Taboola.com heads into its June 9 earnings report having already delivered one of the year's most dramatic single-day moves — and the question now is whether the follow-through holds.
The most striking feature of the setup is what happened last time. The stock surged 36.7% on May 6 and held nearly all of that gain over the following five days, closing the week up 34.6%. That print reset the share price from the $3 range into the $4–5 corridor and triggered a round of analyst target upgrades in the days that followed. The stock has since given back roughly 6% on the week and 3.4% on the last session, pulling back to $4.58 ahead of Monday's report. The one-month picture remains up 20%, which underlines just how much of the bullish thesis is already priced in after that May eruption.
The bull-versus-bear debate for this print centres on whether the Realize platform's momentum is durable, not whether Taboola can grow. After the May results, TD Cowen raised its target from $4 to $6 and Benchmark lifted from $4.50 to $6.50, both maintaining Buy ratings. Needham was similarly constructive. Bulls point to AI-driven revenue growth, the Realize platform's traction in performance-based buying, and the Connexity acquisition as evidence of a structural shift. Bears counter that native advertising faces secular pressure, the Yahoo partnership's value is eroding as Yahoo's audience shrinks, and app-traffic dependency exposes the company to publisher attrition. The EV/EBITDA multiple has expanded to around 5.9x on a trailing basis — not demanding for a profitable-and-growing adtech name, but dependent on the growth story staying intact. The analyst consensus target implies roughly 26% upside to the current price.
The ownership register adds a notable wrinkle. Apollo Global Management appears in the top holders with 39.5 million shares — a position that was added in full as a new stake as recently as late May. At the same time, Yahoo trimmed 12 million shares in the same reporting period, reducing its holding to 57.6 million shares (21% of the company).
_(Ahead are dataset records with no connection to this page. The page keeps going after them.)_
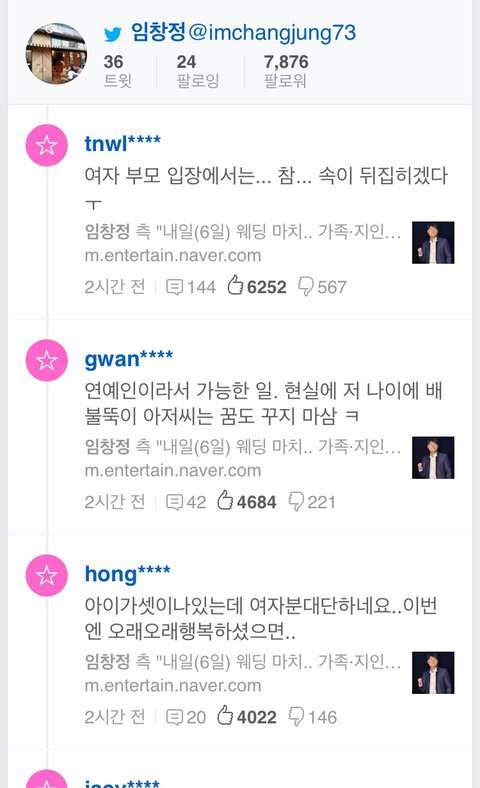 근데 얼마 전에 창정이형 결혼할때 악플보고 놀랐잖아
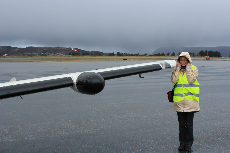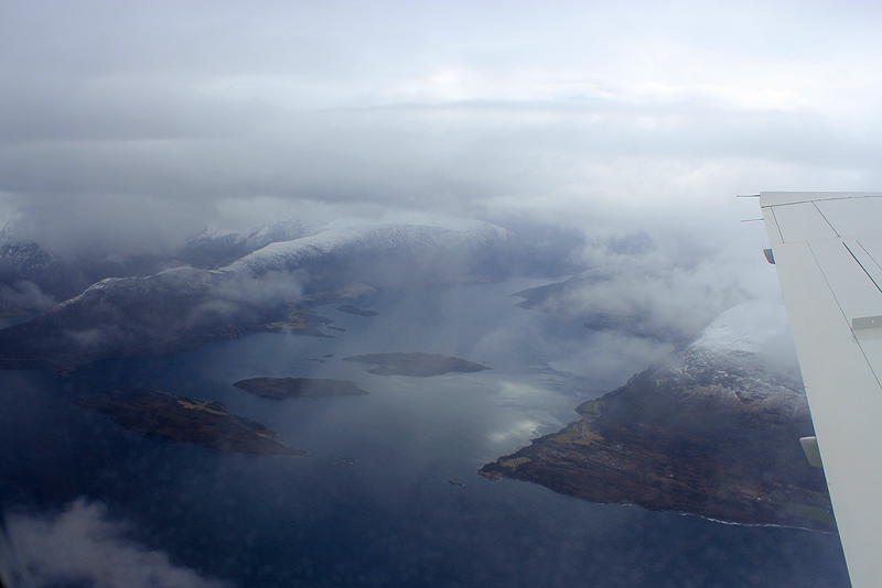 Еще через полчаса начали снижение. Заходили по ILS, полоса 25. Экипаж ощутимо напрягся: облака были неприятные, ледяные. Автоматический информатор ATIS давал температуру у земли +3С, рваный ветер и нижний край облачности 500 футов, при том, что это фьорды, пики гор достигают 3000 футов, и они в облаках. Мы, помятуя, как на Ацтеке ловили лед в +8С, внимательно следили за лобиками крыльев. Реальность оказалась намного приятнее ожиданий. Нас отвекторили, из облаков вынырнули где-то на 800 футах, льда налипло немного и он быстро стаял. А когда открылась земля, я аж подпрыгнула в кресле - я еще не видела гор из самолета так близко – почти за законцовкой крыла, только руку протяни!
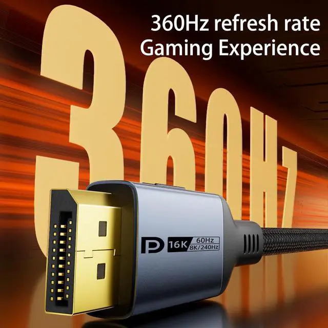 DisplayPort 2.1 Cable: DiamondTiger 16K DisplayPort cable supports amazing 16K resolution at 60Hz 8K@240Hz and 4K@480Hz. And backward compatible with DisplayPort 1.4 and 1.2. It connects from DP to DP for better visual experience no driver or software required.
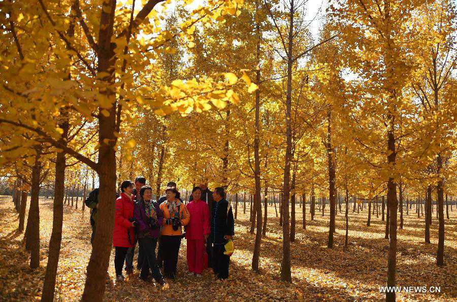 Citizens pose for a group photo at a ginkgo forest in Ji'nan, capital of east China's Shandong Province, Nov. 13, 2014. (Xinhua/Xu Suhui)
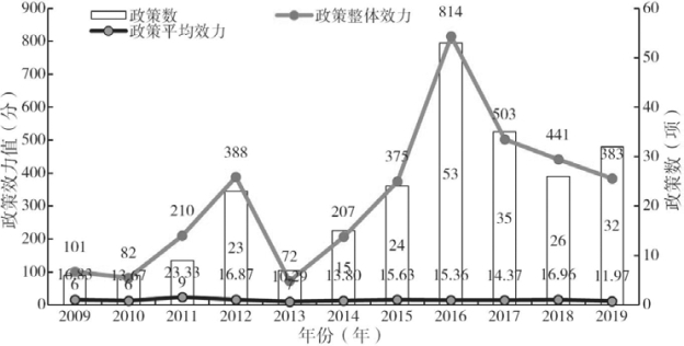 图6-1 2009—2019年我国分级诊疗政策文件数量、政策效力和年平均效力情况
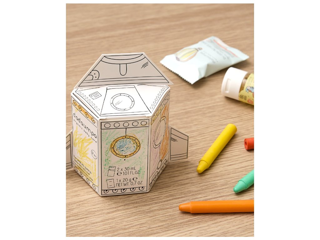 Dadaumpa sada do kúpeľa a starostlivosť o pokožku sa dodáva v roztomilom hravom farebnom balení. Ochranné a umývacie produkty, ktoré sú súčasťou balenia, boli testované pod pediatrickým dohľadom, aby sa zabezpečila ich neagresívna povaha. Produkty, vyvinuté s použitím najlepších technológií, sú bohaté na biologicky aktívne zložky.
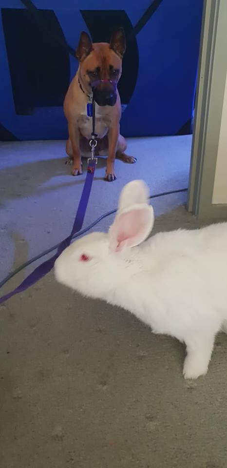 I have two feline foster siblings which don't phase me at all, so if I go to a home with a cat that will be fine. I also have 2 rabbits living with me currently. At the moment my foster parents are teaching me to leave them alone. When the bunnies are roaming free, Dad has me on lead as I cant be trusted just yet, and for this reason it would be best that I go to a home with no rabbits or other pocket pets. I can be off lead with them when they are safely in their enclosure and I am pretty relaxed when in the same room. It’s mayhem here with all my furry friends but I like it.
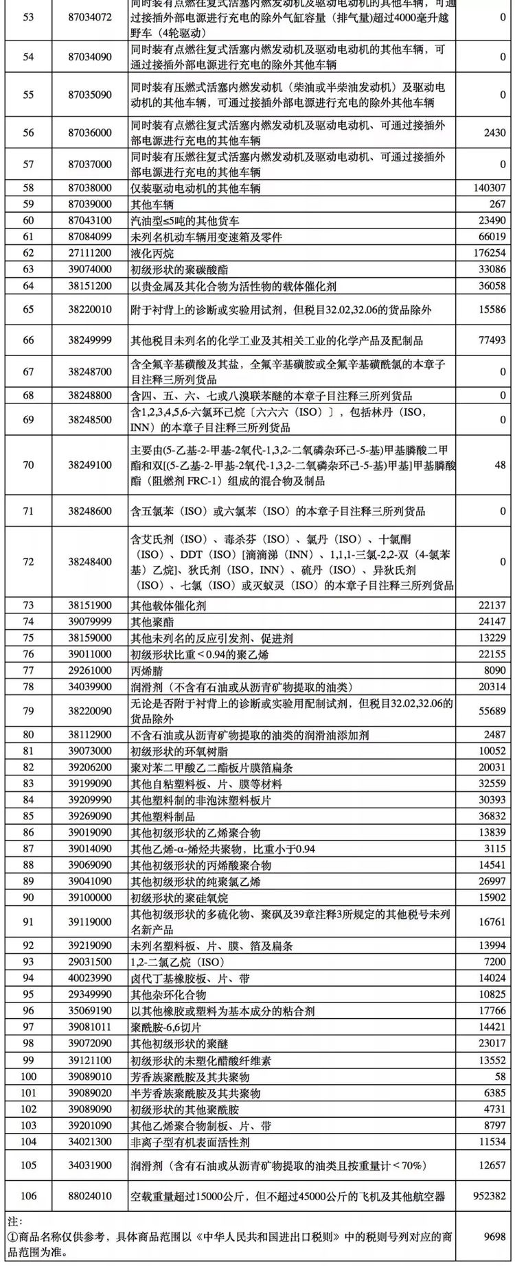 对所列的106项商品,在现行征税方式、适用关税税率基础上加征25%的关税,现行保税、减免税政策不变(本次加征的关税不予减免)。加征关税后有关进口税收计算公式:
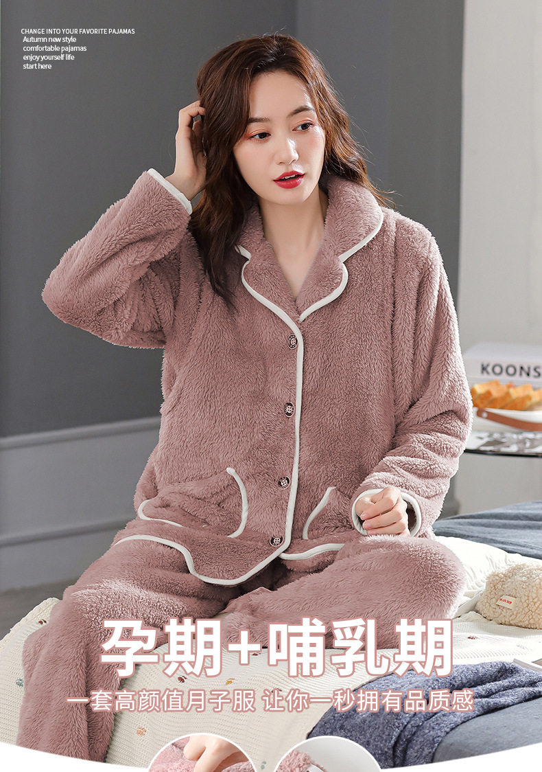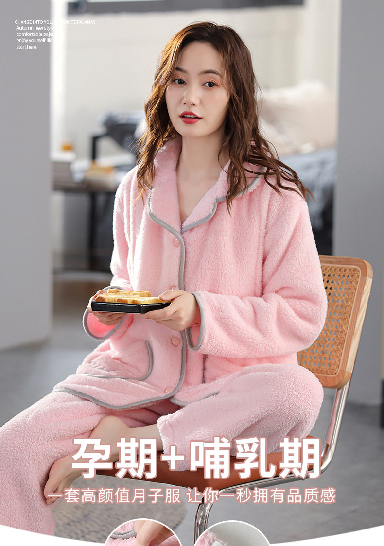 Confinement clothing autumn and winter November 12 postpartum coral fleece thickened warm pregnant women nursing pajamas nursing suit women
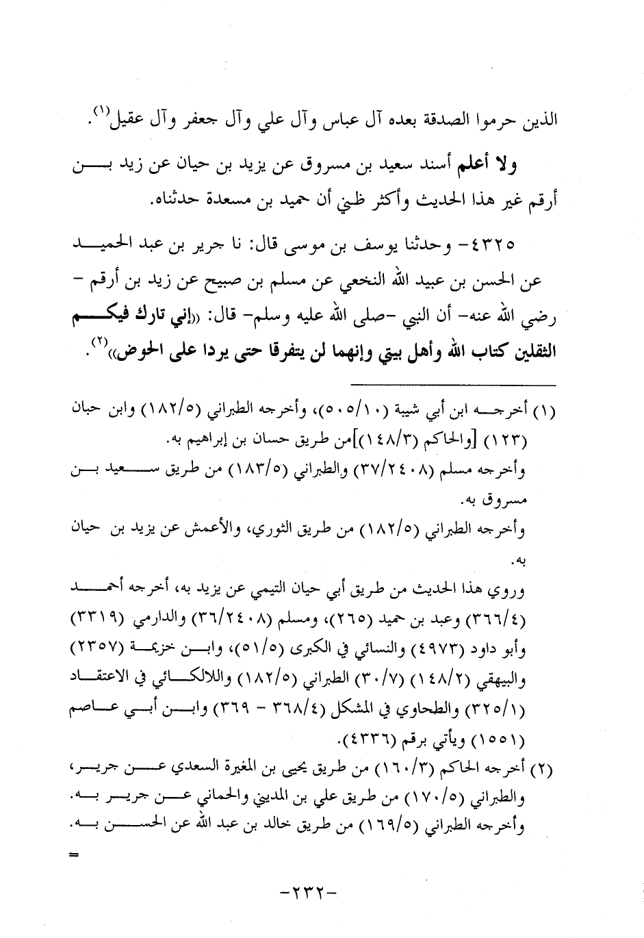 4325- وحَدَّثنا يوسف بن موسى، قَال: حَدَّثنا جَرِيرُ بْنُ عَبد الْحَمِيدِ عَنِ الْحَسَنِ بْنِ عُبَيد اللَّهِ النَّخَعِيِّ عَنْ مُسْلِمِ بْنِ صُبَيْحٍ، عَن زَيد بْنِ أَرْقَمَ، رَضِي اللَّهُ عَنْهُ، أَنَّ النَّبيَّ صَلَّى اللَّهُ عَلَيه وَسَلَّم قَالَ: إِنِّي تَارِكٌ فِيكُمُ الثَّقَلَيْنِ كِتَابَ اللَّهِ وَأَهْلَ بَيْتِي وَإِنَّهُمَا لَنْ يَتَفَرَّقَا حَتَّى يَرِدَا عَلَيَّ الحوض.
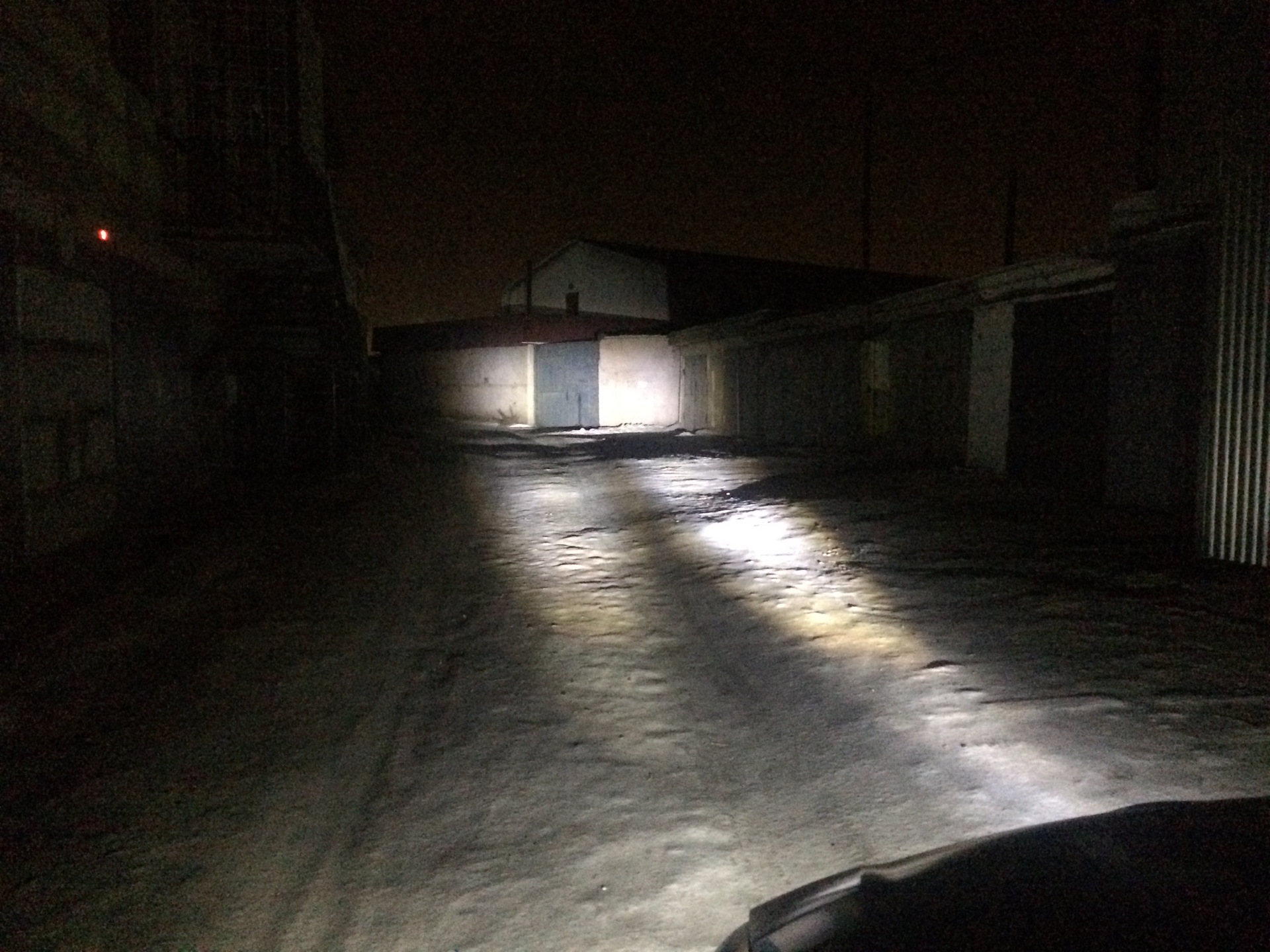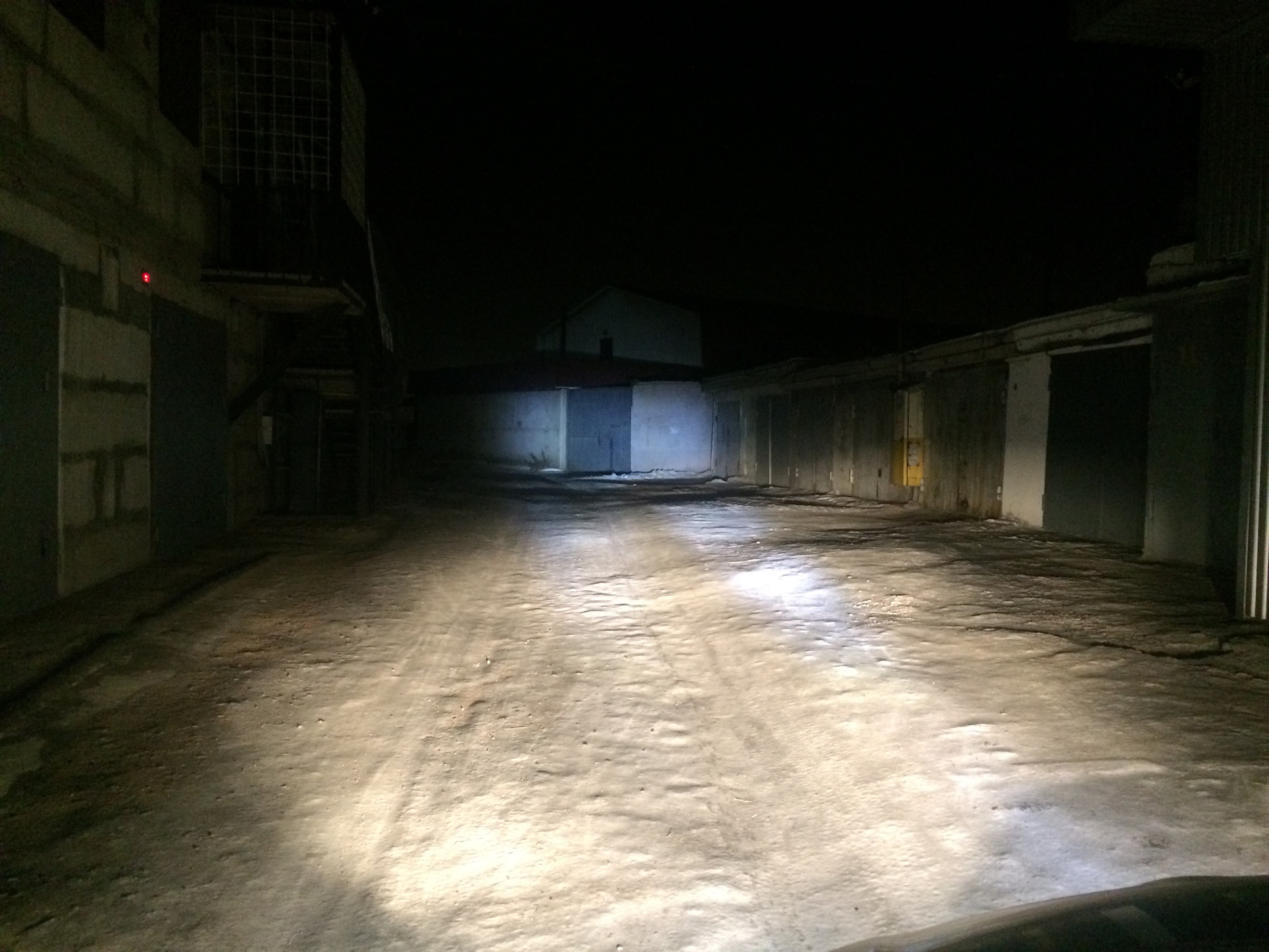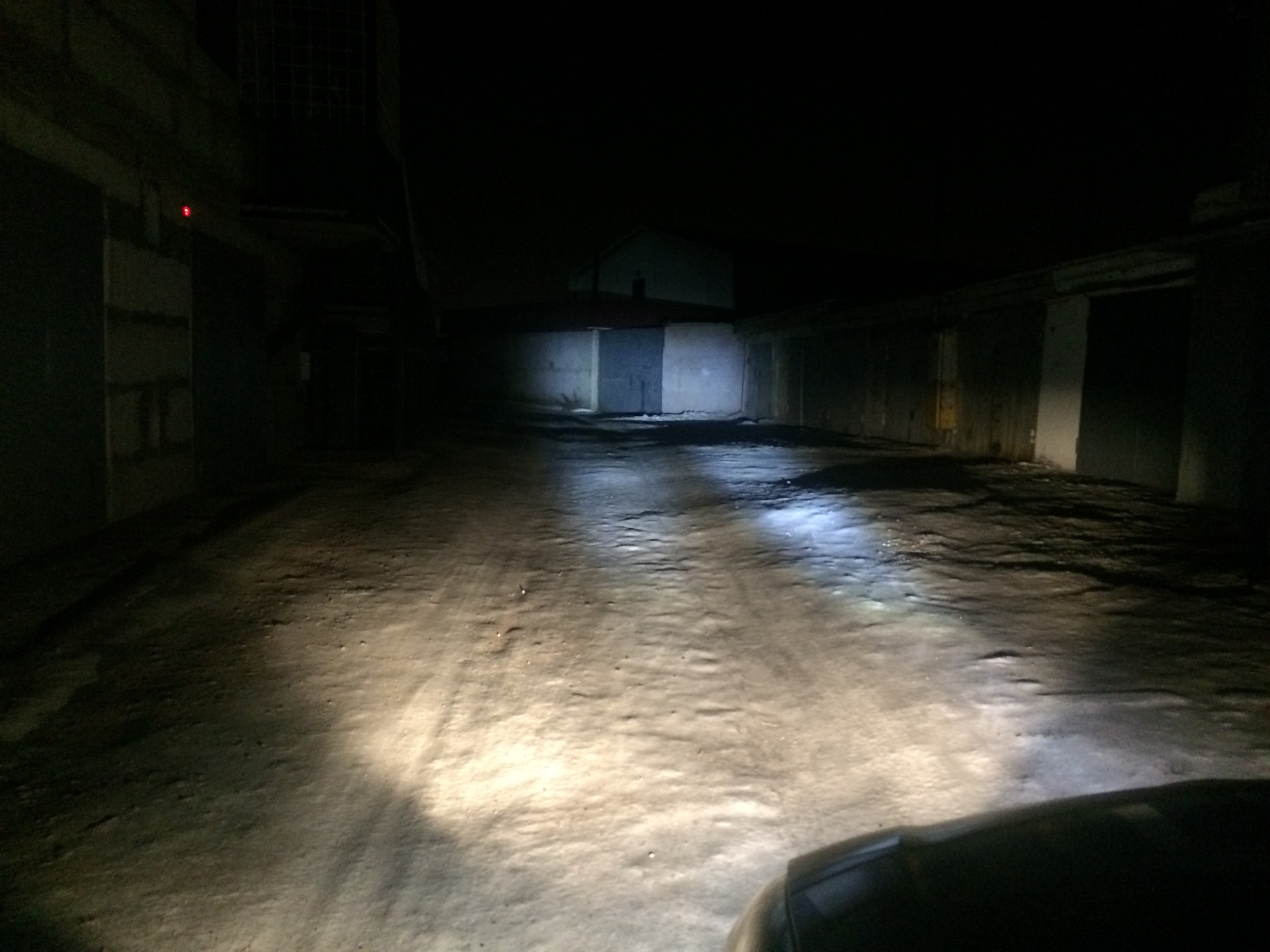 Попробовав прожектор в деле, был немало удивлён его избыточной мощностью, с расстояния в 150 метров на 9-этажном доме яркое пятно размером 3 окна на трёх этажах. Естественно с этим пришло понимание что использовать такой прожектор для успокоения едущих сзади идиотов не то что бы не стоит, а и очень опасно.

Insiders have been net sellers across the board since the May rally, with the CEO, CFO, and other executives all registering disposals at prices around $5.00. Apollo's fresh entry is the most unusual datapoint in the register; whether it reflects a strategic thesis tied to the Yahoo relationship or a purely financial allocation is unclear from the filing data alone.
The lending market offers no edge for short sellers either way — availability is extremely loose at 2,610%, with cost to borrow barely above 1%. Short interest at just over 1% of free float is negligible. The print on June 9 will test whether a company that already jumped 37% on one earnings beat has the revenue and margin trajectory to justify the stock trading near its highest level in over a year.